Parallel compression has accumulated a reputation for being a complex technique that only experienced engineers fully understand. In practice, it's one of the most intuitive concepts in mixing once you understand the basic problem it's solving.
The Problem with Standard Compression
A compressor works by reducing the dynamic range of a signal — attenuating the loud parts and, optionally, bringing the overall level up. When you compress a drum bus aggressively, the transients get tamed, the sustain comes up, and the drums start to feel more glued together and controlled. But something can get lost in the process: the punch, the snap, the feeling that someone actually hit something. Heavy compression can make drums feel compressed — which sounds obvious but is exactly the problem.
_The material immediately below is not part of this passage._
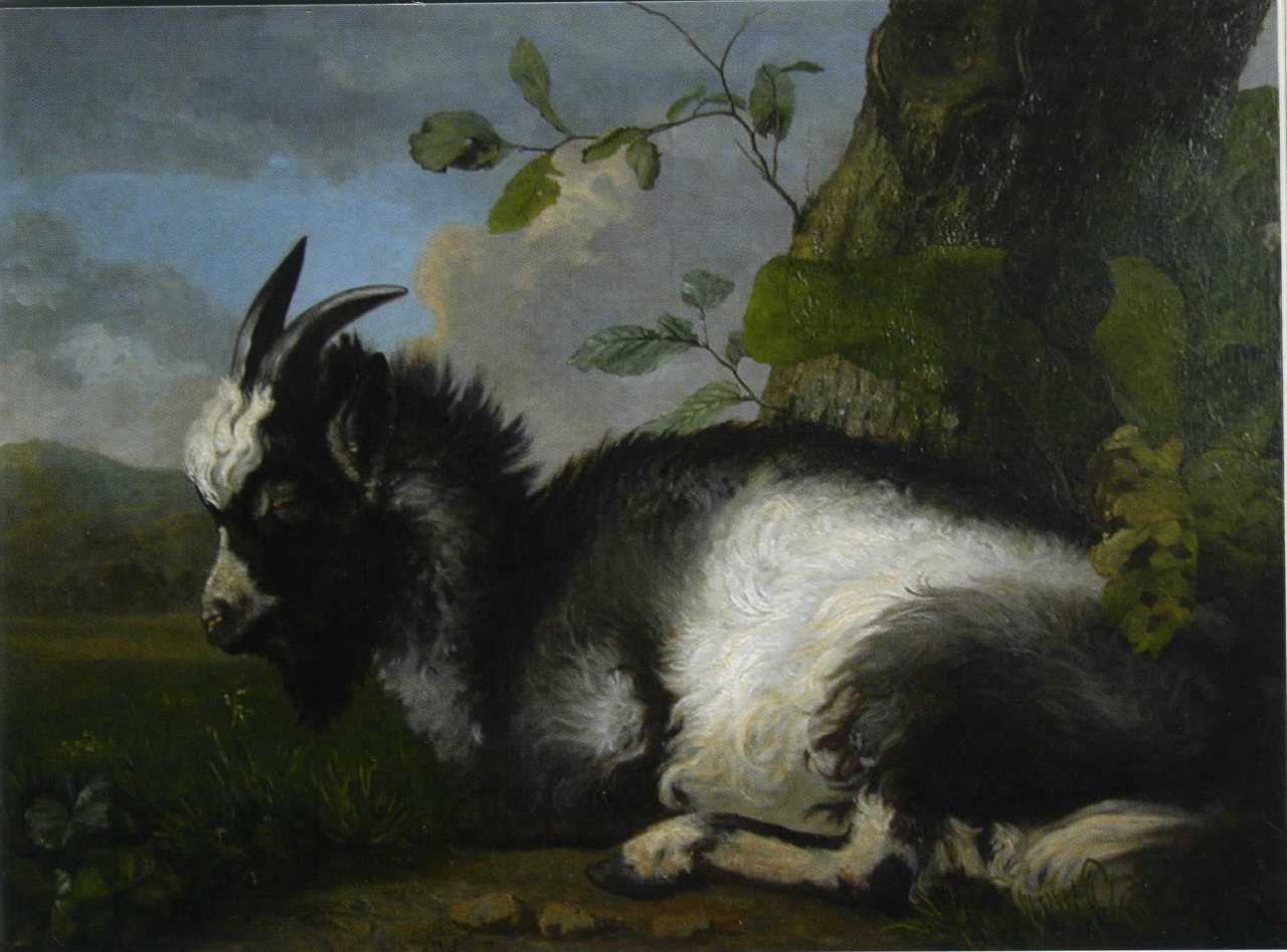
James de Rijk, Liggende bok, 1826, olieverf op doek, 65.5 x 88 cm. (particuliere verzameling)

The transient is the part of the hit that your ear uses to localize the event in time and space. Compress it hard enough and the drums start to feel slow, pillowy, and artificial.
What Parallel Compression Does
The solution is elegant: don't compress the signal, compress a copy of it and blend the two together. Your original signal retains its natural transients. The compressed copy — heavily squashed, with the sustain pumped way up — adds body, energy, and density beneath the original. Blended together at the right ratio, you get drums that have both the snap of uncompressed audio and the power of compressed audio.
Parallel compression doesn't choose between transient and sustain. It keeps both.
Setting It Up
The simplest approach: create an auxiliary send from your drums bus to a new channel. Insert a compressor on the new channel. Set a slow attack (to let the transient through on the compressed copy), a medium release, and compress aggressively — maybe 10 to 20 dB of gain reduction. Bring the compressed channel up until you can hear it contributing, then back off just a touch. The blend point is usually somewhere between "barely there" and "clearly noticeable."
The most common mistake is compressing the compressed copy with too fast an attack — which closes down the transients on the very signal that's supposed to add sustain — or using too slow a release, which causes pumping artifacts that fight the groove rather than enhance it.
Parallel compression works on drums, vocals, bass, and even full mixes. The same principle applies everywhere: preserve what you like about the uncompressed signal while adding the density and energy that compression provides.